En las elecciones de 2002, Le Pen obtuvo casi el 17% y se enfrentó en balotaje a Jacques Chirac. Fue el mejor resultado del líder del Frente Nacional y la primera vez que la ultraderecha ganaba plena notoriedad, no sólo en Francia, generando una amplia reacción internacional en su contra.
Pero fue gracias a la visión estratégica de su hija, Marine Le Pen, que la extrema derecha consiguió redefinir sus bordes, convirtiéndose ya en esta última década en un partido “sistémico”, abandonando así su condición de outsider, sin mayores restricciones en su predicamento extremo y por fuera de un establishment que se resistía a admitirlo en su interior.
Tres procesos marcaron esta última etapa en la ultraderecha francesa, siempre con la ambición de borrar un pasado ominoso y de proyectarla como protagonista de una futura era política.
En primer lugar, y en términos estrictamente organizativos, fue de enorme importancia el desplazamiento de Jean Marie le Pen de la dirección partidaria en enero de 2011. Este proceso de cambio (o de “desdemonización”), a cargo de Marine, sería concluido siete años después con la refundación del partido, conocido a partir de 2018 como “Agrupación Nacional”.
En segundo lugar, tuvo lugar una revisión programática por la que la “cuestión judía” fue reemplazada por el el rechazo a la presencia islámica, al calor de la creciente inmigración proveniente de la ex colonias, del norte de África y de Medio Oriente. Por supuesto, la ultraderecha no eliminó de sus contenidos al antisemitismo, que en todos estos años no ha dejado en crecer.
Por último, la extrema derecha logró captar buena parte de los votos de una clase trabajadora en transformación en tiempos en que los “chalecos amarillos” protagonizaban las luchas en las calles, entre 2018 y las cruciales elecciones presidenciales de 2022, cuando Marine Le Pen llegó a disputar el balotaje con el actual mandatario Emmanuel Macron.
Para estas elecciones parlamentarias, la nominación de Jordan Bardella de apenas 28 años, como futuro primer ministro planteaba un nuevo golpe estratégico por parte de una ultraderecha que, a todo o nada, ambiciona con llegar al gobierno en medio de su rechazo a la Unión Europea, a la presencia islámica y, especialmente, a la migración y a los extranjeros en territorio francés.
Pese a su derrota, la inserción de Bardella entre los jóvenes es indiscutible, en buena medida, gracias a una utilización efectiva de las redes sociales, donde sus críticos aseguran que sólo se dedica a vender ilusiones sin plantear cómo llevará adelante sus propuestas. Su juventud y su pose rebelde operaban hasta hoy como su principal capital político.
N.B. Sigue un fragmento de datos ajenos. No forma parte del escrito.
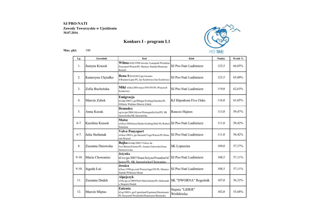 SJ PRO-NATI Zawody Towarzyskie w Ujeżdżeniu 30.07.2016 Konkurs I - program L1 Max. pkt: 190 Lp. Koń Zawodnik 1. Justyna Krasoń 2. Wilma kl/kf/1998/siwotar./Lunapark/Wiedźma Klub Punkty Wynik % Ponysport\Waron/PL Mariusz Stański/Honorata Krasoń SJ Pro-Nati Ludźmierz 125,5 66,05% Katarzyna Ulężałko Rena S kl/śl/2012/gn/Awanto- SJ Pro-Nati Ludźmierz 123,5 65,00% 3. Zofia Bocheńska Miki wł/kn/2001/mysz/NN/NN/PL/Wojciech SJ Pro-Nati Ludźmierz 119,0 62,63% 4. Marcin Zubek KJ Hipodrom Five Oaks 116,0 61,05% 5. Anna Kozak Ranczo Hajnos 113,0 59,47% SJ Pro-Nati Ludźmierz 111,0 58,42% SJ Pro-Nati Ludźmierz 111,0 58,42% SK Łopuszna 109,0 57,37% 108,5 57,11% SJ Pro-Nati Ludźmierz 108,5 57,11% wł/hc/gn.sr/2009/Piaf/Alma\Jaśmin/PL/Aleksandr a Skupień-Dudek SK "DWORNA" Rogoźnik 107,0 56,32% Ententa Stajnia "LIDER" Wróblówka 102,0 53,68% S/Ramira\Lapis/PL Jan Ścisłowicz/Jan Ścisłowicz Ścisłowicz Emigracja kl/mlp/2005/c.gn/Bibigar/Erstling\Edredon/PL Elżbieta Waklarz/Marcin Zubek Demodex 6-7. Karolina Krasoń 6-7. Julia Stefaniak og/xx/gn/2004/Alywar/Demografia\Graf/PL SK Jaroszówka/SK Jaroszówka Matse wł/fryz/2004/kara/Maiko/Gerbrig\Dirk/NL/Robert Śmietana Volvo Ponysport wł/kuc/2003/c.gn/Aksamit/Vega\Waron/PL/Hono rata Krasoń Bajka kl/mlp/2002//Veloce de 8. Zuzanna Darowska 9-10. Maria Chowaniec 9-10. Jagoda Łaś Favi/Batuta\Emetyt/PL Joanna Gutowska/Irena Samorzewska Jeżynka kl/xx/gn/2007/Siam/Jeżyna\Freedom'sC SJ Pro-Nati Ludźmierz hoice/PL SK Jaroszówka/Chowaniec Jessica kl/kuc/1998/gn.srok/Waron/Jaga\NN/PL Mariusz Stański/Wiktoria Słoma Alpejczyk 11. Zuzanna Dudek 12. Marcin Miętus kl/sp/2005/c.gn/Caprioland/Equitana\Ehrentraum/ PL Krzysztof Przybylski/Katarzyna Biernacka Lp. Koń Zawodnik Atrakcja S 13. Julianna Dulik 14-15. Paulina Gumny 14-15. Zuzanna Górska 16. Klub Punkty Wynik % kl/śl/2008/gn/Subiekt/Arabella\Butanol/PL Jan Ścisłowicz/Jan Ścisłowicz SJ Pro-Nati Ludźmierz 99,0 52,11% Miki wł/kn/2001/mysz/NN/NN/PL/Wojciech SJ Pro-Nati Ludźmierz 98,5 51,84% Ranczo Hajnos 98,5 51,84% Stajnia Neptuno 89,0 46,84% Ścisłowicz Tradycja kl/mlp/kaszt/2009/Chef Supreme/Tumka\Askar/PL Ignacy Maroszek/ Iwona Mykietyn-Górska Sylwia Krzystoń Perla og/PSL/2008/izab/NN/NN/Esp/Ilona Ilona Majewska Obrador XIV og/PRE/2012/gn/Genial Julia Blachut Perla og/PSL/2008/izab/NN/NN/Esp/Ilona Majewska XII/Elegida LXXIII\Neon/Ilona Majewska Majewska Stajnia Neptuno rezygnacja Stajnia Neptuno rezygnacja Przejazdy szkoleniowe Bajka kl/mlp/2002//Veloce de Zuzanna Darowska Zuzanna Górska Favi/Batuta\Emetyt/PL Joanna Gutowska/Irena Samorzewska SK Łopuszna 105,5 55,53% Ranczo Hajnos 105,0 55,26% SK "DWORNA" Rogoźnik 103,0 54,21% Tradycja kl/mlp/kaszt/2009/Chef Supreme/Tumka\Askar/PL Ignacy Maroszek/ Iwona Mykietyn-Górska Alpejczyk Zuzanna Dudek wł/hc/gn.sr/2009/Piaf/Alma\Jaśmin/PL/Aleksandr a Skupień-Dudek Startowało par: 21 Sędzia Główny Ukończyło par: 19 Barbara Zygmunt SJ PRO-NATI Zawody Towarzyskie w Ujeżdżeniu 30.07.2016 Konkurs II - program P1 Max. pkt: 250 Lp. Koń Punkty Wynik % LKS Stragona Strzegom 160,5 64,20% LKS Stragona Strzegom 158,0 63,20% SJ Pro-Nati Ludźmierz 152,5 61,00% KJ Hipodrom Five Oaks 150,0 60,00% wł/kł.ros/2003/c.gn/Isbranic/Ugra\Gral/UK/Anna Shakhoval SJ Pro-Nati Ludźmierz 145,5 58,20% Ententa Stajnia "LIDER" Wróblówka 143,5 57,40% SJ Pro-Nati Ludźmierz 143,5 57,40% Jessica kl/kuc/1998/gn.srok/Waron/Jaga\NN/PL SJ Pro-Nati Ludźmierz 141,0 56,40% 123,0 49,20% Zawodnik 1. Wioleta Hajnos 2. Wioleta Hajnos 3. Karolina Krasoń 4. Julia Imioło 5. Anna Shakhoval 6-7. Marcin Miętus 6-7. Renata Komperda 8. Karolina Krasoń 9. Katarzyna Stefaniak Klub Dobrawa kl/sp/c.gn/2004/Corde/Dworna\Akwent/PL Jan Bobek/Jan Bobek Donna Dorada kl/mlp/c.gn/2010/Barnaba/Doga\Dresk/PL Stanisław Chomiczewski/Wioleta Hajnos Draco wł/trak/2008/c.gn/Karatas/Dragonia\Texas/PL Tomasz Gąsowski/Tomasz Gąsowski Camaro wł/mecklemb/sk.gn/2001/Cabrol Amicor/Lacara\Ladinor/DE/Ewa Imiło Uspiszny kl/sp/2005/c.gn/Caprioland/Equitana\Ehrentraum/ PL Krzysztof Przybylski/Katarzyna Biernacka Fraktal wł/SP/2004/Lumpi/Funkcja\Galeon/PL/Marek Kasprzycki Mariusz Stański/Wiktoria Słoma Volvo Ponysport wł/kuc/2003/c.gn/Aksamit/Vega\Waron/PL/Honor ata Krasoń SJ Pro-Nati Ludźmierz Demodex Anna Kozak og/xx/gn/2004/Alywar/Demografia\Graf/PL SK Jaroszówka/SK Jaroszówka Ranczo Hajnos eliminacja Przejazdy szkoleniowe Donna Dorada Wioleta Hajnos Startowało par: 11 Ukończyło par: 10 kl/mlp/c.gn/2010/Barnaba/Doga\Dresk/PL Stanisław Chomiczewski/Wioleta Hajnos Sędzia Główny Barbara Zygmunt LKS Stragona Strzegom 158,5 63,40% SJ PRO-NATI Zawody Towarzyskie w Ujeżdżeniu 30.07.2016 Konkurs III - program WKKW CI1* test A 2015 230 Max. pkt: Lp. Koń Zawodnik Klub Punkty Wynik % 153,0 66,52% Dobrawa Wioleta Hajnos kl/sp/c.gn/2004/Corde/Dworna\Akwent/P L Jan Bobek/Jan Bobek Startowało par: 1 Sędzia Główny Ukończyło par: 1 1. Barbara Zygmunt LKS Stragona Strzegom

Desde Charles Maurras a Jordan Bardella ha transcurrido más de un siglo, lo que le ha permitido a la ultraderecha readecuarse a distintos momentos, sin resignar sus características esenciales, nutrida del odio a los diferentes y a las minorías, pero ahora proyectando una imagen de “bestia domesticada” con las que en estas elecciones pretendió seducir a nuevos votantes.
A partir de la elección del 7 de julio algo quedó claro. La ultraderecha no se resignará y no sólo busca llegar al gobierno: también construye poder. Y eso la convierte en una amenaza latente a la supervivencia de la democracia, claro está, no únicamente en Francia.